Apparently, at a rowdy meeting on the 15 July 2011, ‘Pagham residents and business owners packed out the village hall to protest that this snail would prevent them from strengthening sea defences and jeopardize tourism’ – though who goes there selleck chemicals as a tourist is a mystery to me. Actually, the adjoining Pagham Harbour is already a local nature reserve managed by the Sussex Wildlife Trust and does attract some tourists. But this is not what the villagers are moaning about. The problem lies in history. After the Second World War, planning restrictions, especially local ones,
were minimal and certain people thought it would be a jolly good idea to build summer homes on the bank of shingle, seaward of the original Pagham, which protected the village from the sea. Over time these have become permanent ‘homes’. As discussed in an earlier editorial (Morton,
2007), local coastal erosion and changing patterns of inshore sea currents are causing problems with Pagham’s protective shingle bank and, as a result, it and the houses atop it have to be repeatedly strengthened and safeguarded, respectively, at no small cost to the public purse. This strengthening means destruction of Defolin’s lagoon snail habitat (if it has not happened already); more importantly, the Government has said that it literally cannot keep on reinforcing, at huge cost, an area of naturally
eroding coastline that is doomed to be drowned Smad activation by the sea one day anyway. In addition to DeFolin’s lagoon snail, there are many other protected lagoon species, all tiny. Other British species, which are virtually exclusive to saline lagoons as at Pagham, are four species of stoneworts, namely, the Baltic (Chara baltica), bearded (C. canescens), foxtail (Lamprothamnium papulosum) and bird’s nest (Tolypella nidifica).
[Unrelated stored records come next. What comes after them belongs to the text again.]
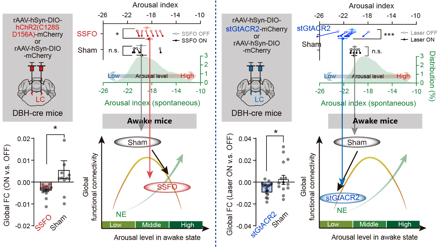 为确立蓝斑核-去甲肾上腺素系统在该现象中的因果作用,研究团队采用了严谨的双向光遗传学干预策略。通过在LC-NE神经元中分别精确表达兴奋型视蛋白(SSFO)或抑制型视蛋白(stGtACR2),实现了对LC-NE神经元活动的增强或抑制的双向调控。使用该范式,研究结果表明,在清醒小鼠中LC-NE神经活动的增强或抑制带来了相应的觉醒水平的上升或下降,并均导致全脑功能连接强度减弱。以上结果说明了LC-NE系统在倒U型关系中的因果性贡献。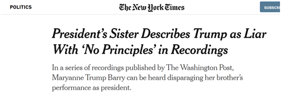 《纽约时报》:特朗普姐姐在录音中将特朗普描述为“没有原则”的骗子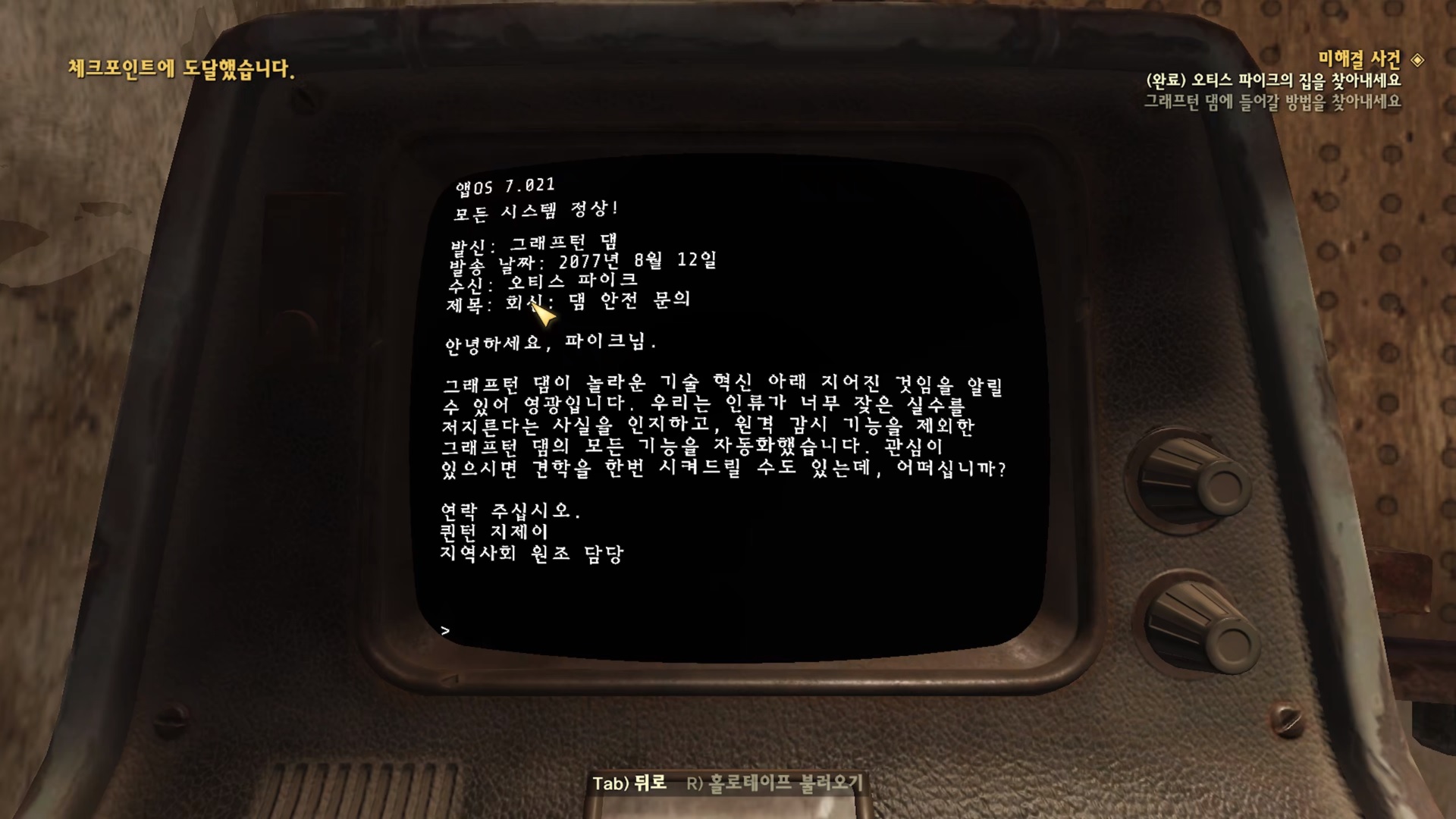 크래프턴 댐으로 가면 슈퍼 뮤턴트들이 지키고 있고 문은 모두 잠겨 있다.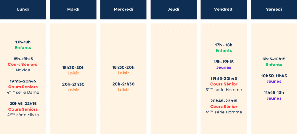 - Possibilité d’aller sur les créneaux Loisir, s’il reste de la place (maxi 4 par court).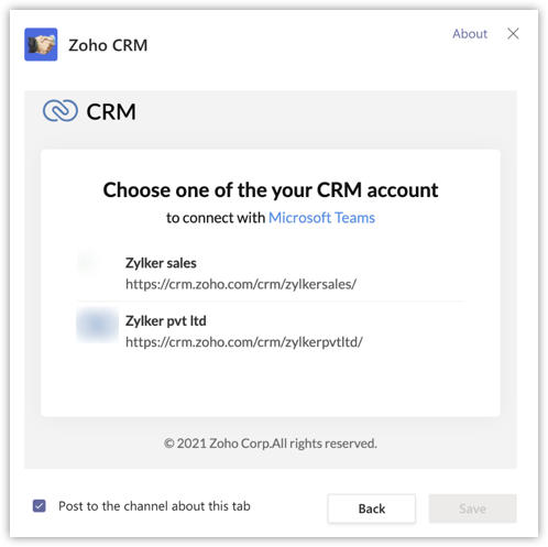 Multiple CRM org accounts can be associated with one Zoho Campaigns or Zoho Creator org and Cisco Teams.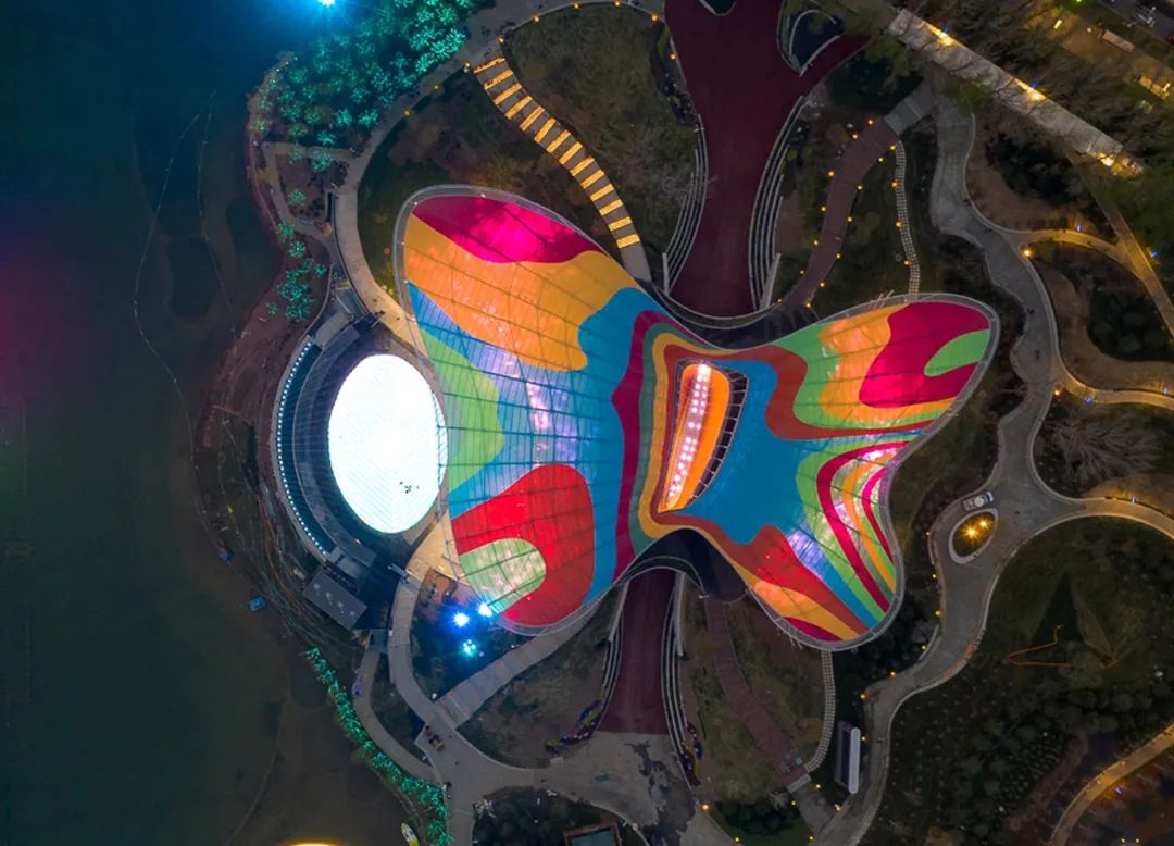 以“綠色生活、美麗家園”為主題的北京世園會很好地踐行了生態(tài)文明建設思想。媯汭劇場是北京世園會最重要的“四館一心”五大建筑之一之心,媯汭劇場同大自然的湖光山色交相輝映,夢幻的色彩充滿了蝶戀花的中國文化意境。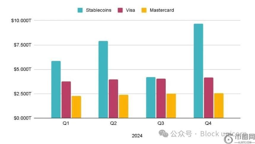 图表:2024 年季度链上稳定币转账量(蓝色)与 Visa(粉色)和 Mastercard(黄色)支付量的对比。到 2024 年第四季度,稳定币网络处理的价值已显著超过主要卡网络。
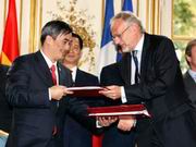 Thủ tướng Nguyễn Tấn Dũng và Thủ tướng Francois Fillon chứng kiến lễ ký kết nhiều văn kiện hợp tác kinh tế giá trị nhiều tỷ USD giữa các doanh nghiệp hai nước.
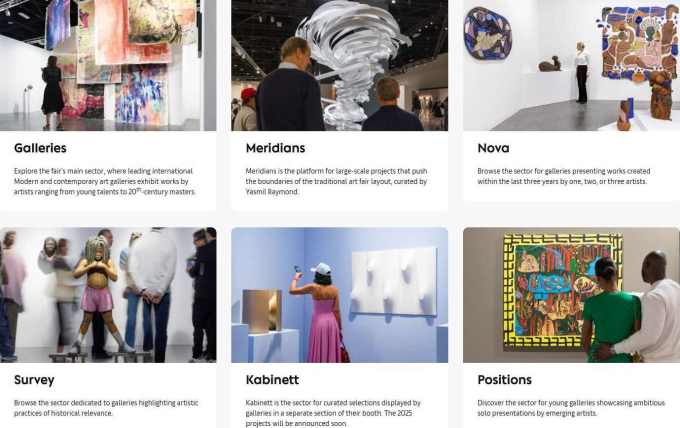 | [서울=뉴스핌]이영란 미술전문기자= 2025아트바젤 마이애미비치는 메인 섹터인 갤러리즈를 필두로 노바, 포지션, 서베이, 메르디언스, 카비넷까지 다양한 섹터가 펼쳐진다. [이미지=아트바젤 웹사이트] 2025.11.27 art29@newspim.com |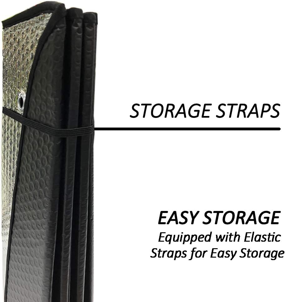 - Double Bubble Silver Coated - Keep from 99% UV Ray Damage,windshield sun shade is a great barrier for hot sun! Keep cool on your car seat or dashboard,bring your interior as new! Auto front sun shade maintains elegant Interior with black design. For driver in summer, sun shade car/ car sun shade for windshield as a good helper!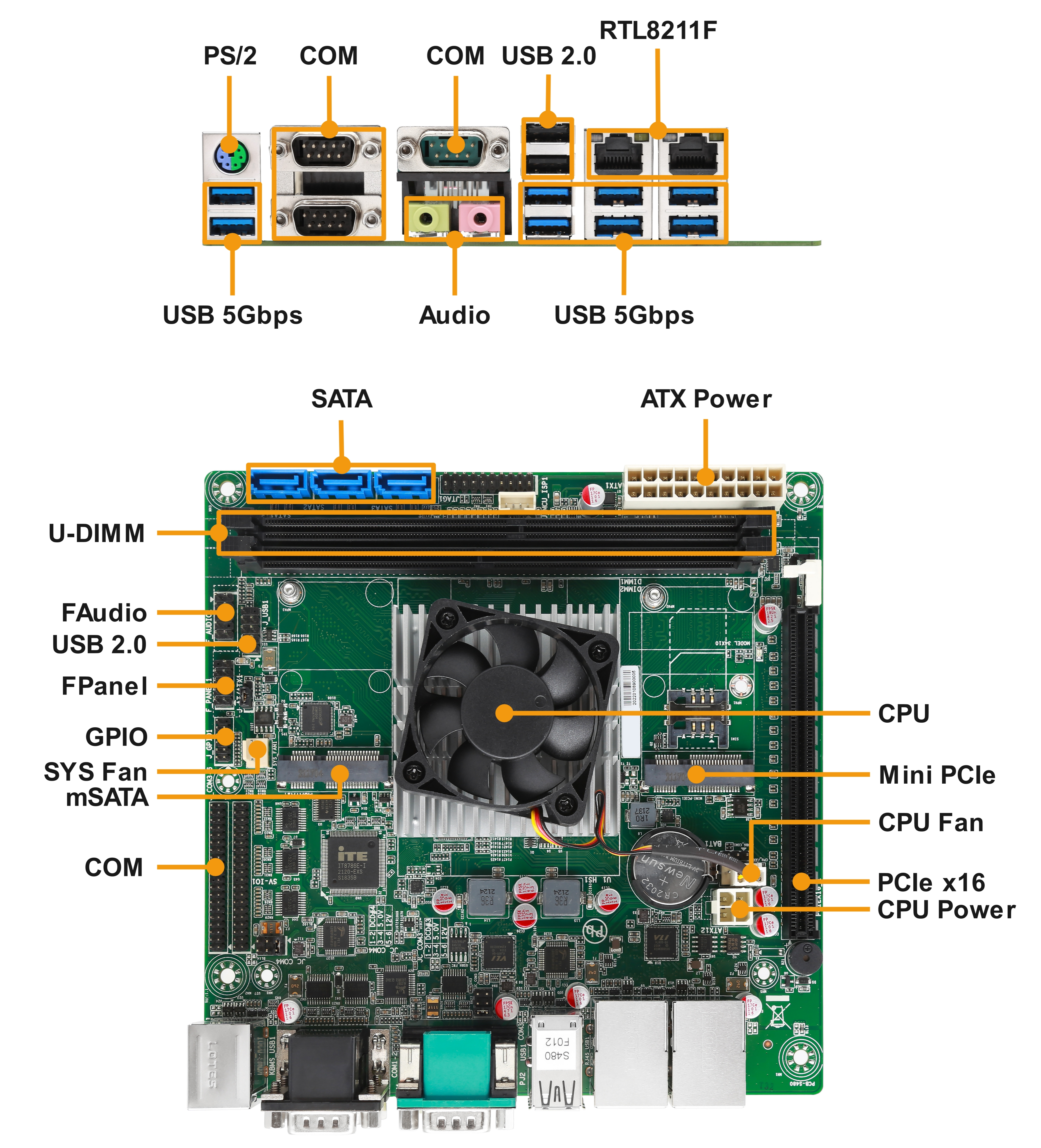 ? Mini PCIe 1 * Mini PCIe插槽(PCIe Gen 3 x1 + USB 2.0(與內(nèi)部USB 2.0插針共享,默認Mini PCIe插槽)信號,附帶1 * SIM卡插槽)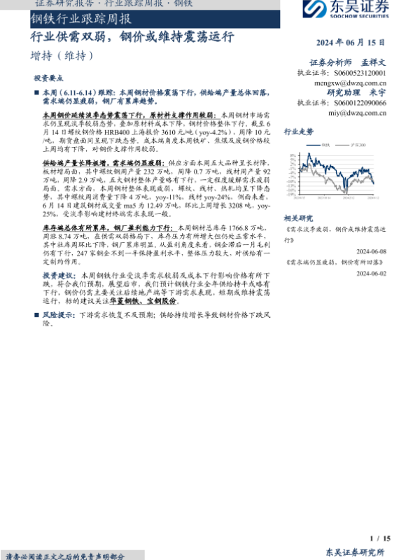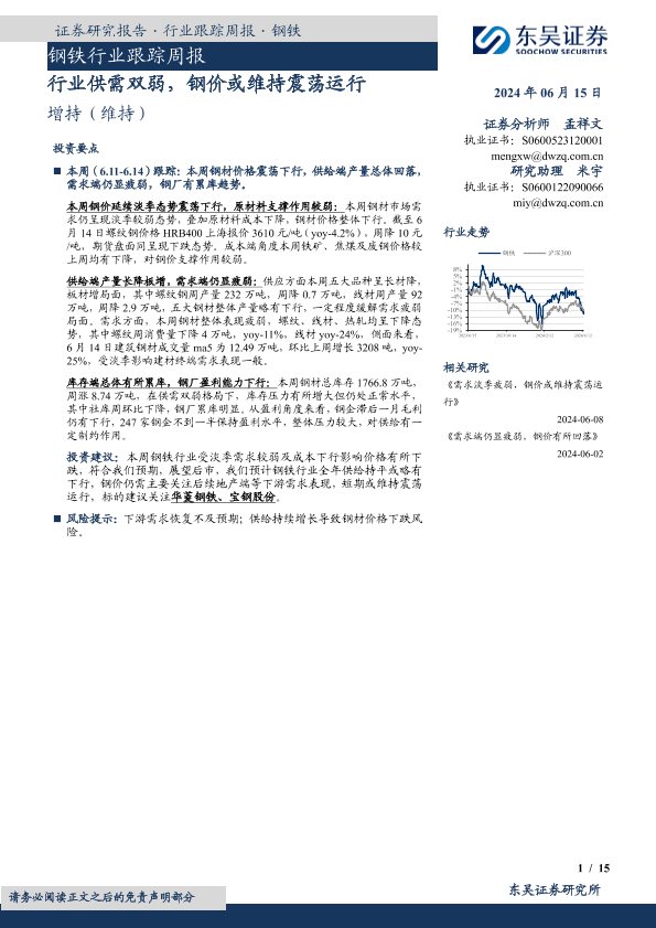 【东吴证券】【20240615】20240615-东吴证券-钢铁行业跟踪周报:行业供需双弱,钢价或维持震荡运行-15页

In addition, there are 10 species of lagoonal animal protected under the Wildlife and Countryside Liothyronine Sodium Act, that is, the starlet sea anemone (Nematostella vectensis), Ivell’s sea anemone (Edwardsia ivelli) (thought to be already globally extinct), the trembling sea mat (Victorella pavida), the lagoon sandworm (Armandia cirrhosa), the tentacled lagoon worm (Alkmaria romijni), a hydroid (Clavopsella navis), the lagoon snail (Paludinella littorina), the lagoon sand shrimp (Gammarus insensibilis), the lagoon seaslug (Tenellia adspersa) and the Bembridge water beetle (Paracymus aeneus). If DeFolin’s lagoon snail is allowed to depart this Earth, then the above species would not be far behind it for the very simple reason that in crowded Great Britain, and especially England, coastal lagoons have virtually all but disappeared already and, as the snail demonstrates, the survivors are not far behind.